On Mon, Jul 29, 2019 at 8:23 PM Wes McKinney <wesmck...@gmail.com> wrote:
>
> On Mon, Jul 29, 2019 at 7:58 PM Krisztián Szűcs
> <szucs.kriszt...@gmail.com> wrote:
> >
> > On Tue, Jul 30, 2019 at 1:38 AM Wes McKinney <wesmck...@gmail.com> wrote:
> >
> > > hi Krisztian,
> > >
> > > Before talking about any code donations or where to run builds, I
> > > think we first need to discuss the worrisome situation where we have
> > > in some cases 3 (or more) CI configurations for different components
> > > in the project.
> > >
> > > Just taking into account out C++ build, we have:
> > >
> > > * A config for Travis CI
> > > * Multiple configurations in Dockerfiles under cpp/
> > > * A brand new (?) configuration in this third party ursa-labs/ursabot
> > > repository
> > >
> > > I note for example that the "AMD64 Conda C++" Buildbot build is
> > > failing while Travis CI is succeeding
> > >
> > > https://ci.ursalabs.org/#builders/66/builds/3196
> > >
> > > Starting from first principles, at least for Linux-based builds, what
> > > I would like to see is:
> > >
> > > * A single build configuration (which can be driven by yaml-based
> > > configuration files and environment variables), rather than 3 like we
> > > have now. This build configuration should be decoupled from any CI
> > > platform, including Travis CI and Buildbot
> > >
> > Yeah, this would be the ideal setup, but I'm afraid the situation is a bit
> > more complicated.
> >
> > TravisCI
> > --------
> >
> > constructed from a bunch of scripts optimized for travis, this setup is
> > slow
> > and hardly compatible with any of the remaining setups.

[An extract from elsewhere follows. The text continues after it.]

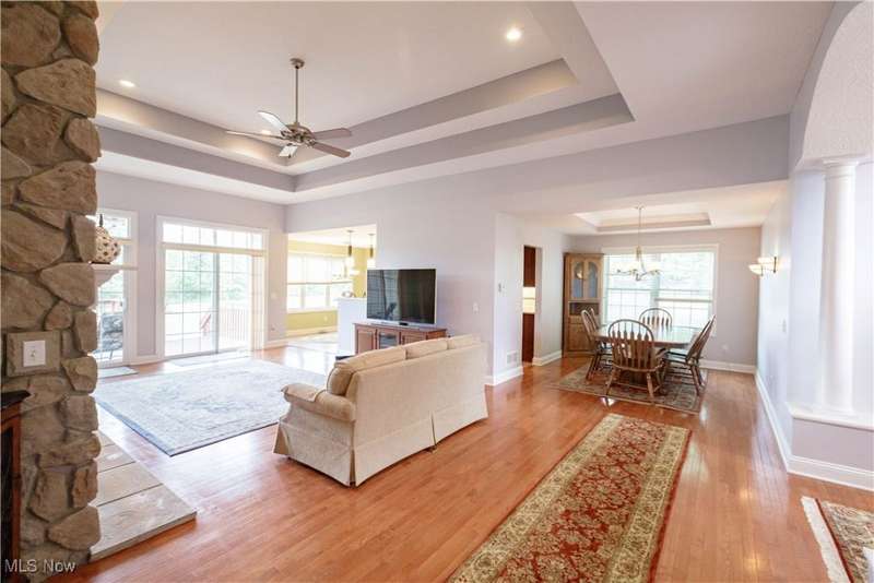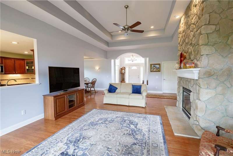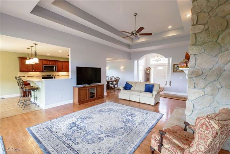 Enjoy this stunning 2 bedroom, 2 full bathroom villa home with 1,856 sq. ft. of living space on the main level and a full basement in the desirable Frazer Court neighborhood. As you enter the front door into the foyer you will notice the open floor plan featuring a great room having hardwood floors, a stone fireplace, trayed ceiling and double sliding glass doors leading to a maintenance free deck overlooking the private back yard that's perfect for entertaining family and friends. You will love the updated kitchen which has granite counter tops, stainless appliances, a breakfast bar and an eating area. The owners suite has his/hers walk in closets and a private en-suite bath with soaking tub, walk in shower and double vanities. There is a second ample sized bedroom, another full bathroom, a formal dining area with hardwood floors, an office or possible 3rd bedroom and a first floor laundry room. This villa has a huge full basement with potential to be finished and offers plenty of room for storage. Other features include an attached 2 car garage, cement driveway, high efficiency furnace, A/C, updated vinyl replacement windows and more. This is a very well kept property that is conveniently located in Plain Twp. and just minutes away from Gervasi Vineyard and Washington Square.

> > I think we should ditch it.
> >
> > The "docker-compose setup"
> > --------------------------
> >
> > Most of the Dockerfiles are part of the  docker-compose setup we've
> > developed.
> > This might be a good candidate as the tool to centralize around our future
> > setup, mostly because docker-compose is widely used, and we could setup
> > buildbot builders (or any other CI's) to execute the sequence of
> > docker-compose
> > build and docker-compose run commands.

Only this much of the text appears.